Schwannomas are encapsulated and therefore they can be easily dissected from the surrounding tissues. The erosion of the bony canal wall was reported in one case [3].

A differential diagnosis should be made with respect to a number of other soft tissue neoplasms such as fibroma, chondroma, and leiomyoma. A definitive diagnosis should be based on the histological and immunohistochemical findings.

On histologic examination, the tumor is characterized by streams of elongated spindle cells, with the elongated nuclei often arrayed in a palisade pattern. Areas consisting of a thick concentration of cells are called Antoni type A (Verocay body), whereas those in which the cells are loose and irregularly arranged are called Antoni type B. A positive S-100 protein is indicative of Schwann cell origin. Immunohistochemical staining usually shows positive staining for S-100 protein and negative for desmin and smooth muscle actin (SMA).
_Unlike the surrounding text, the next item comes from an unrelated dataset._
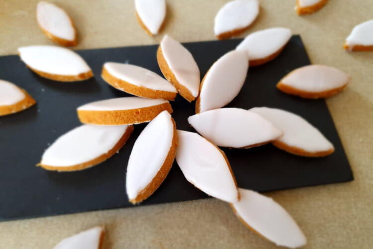 For the frosting, the general rule is 1 volume of egg white for 5 volumes of powdered sugar. Gradually add the powdered sugar to your egg white until you reach the desired consistency, not too runny. And don't forget the bitter almond flavor if you like it. Let it dry for at least 4 hours.

Schwannomas should be differentiated from other spindle cell tumors such as neurofibroma, leiomyoma, and desmoplastic melanoma. Neurofibromas are not encapsulated and they lack the Antoni-A and Antoni-B pattern. They are usually multicentric, which is an important clinical distinction from schwannomas, and may be accompanied by a special entity called von Recklinghausen’s disease. Leiomyomas are positive for SMA and negative for S-100 while desmoplastic melanomas are positive for S-100 but lack the Antoni-A and Antoni-B pattern.

Radiologic imaging by CT shows schwannomas to be well-circumscribed, homogenous masses that enhance with contrast. CT is also mandatory to rule out the extension of a schwannoma from other temporal bone sites (middle ear, mastoid, or internal auditory canal) to present as an external ear canal mass [4]. A CT scan is very useful in making a decision about the extent of the lesion, integrity of the tympanic membrane, and the type of surgical approach [5].

Treatment is complete excision of the tumor via either transmeatal or post-aural approach. The choice of approach will depend on tumor size, location, and relation to surrounding structures [3].

When complete excision is performed local recurrence is rare [1]. A transmeatal approach was performed in the present case and a good cleavage plane provided an en bloc resection with preservation of surrounding structures [5].

Conclusion

Schwannoma should be considered in the differential diagnosis of benign or malignant tissue masses involving the external ear canal, although, in this location, the clinical and radiological findings are somewhat nonspecific and rare.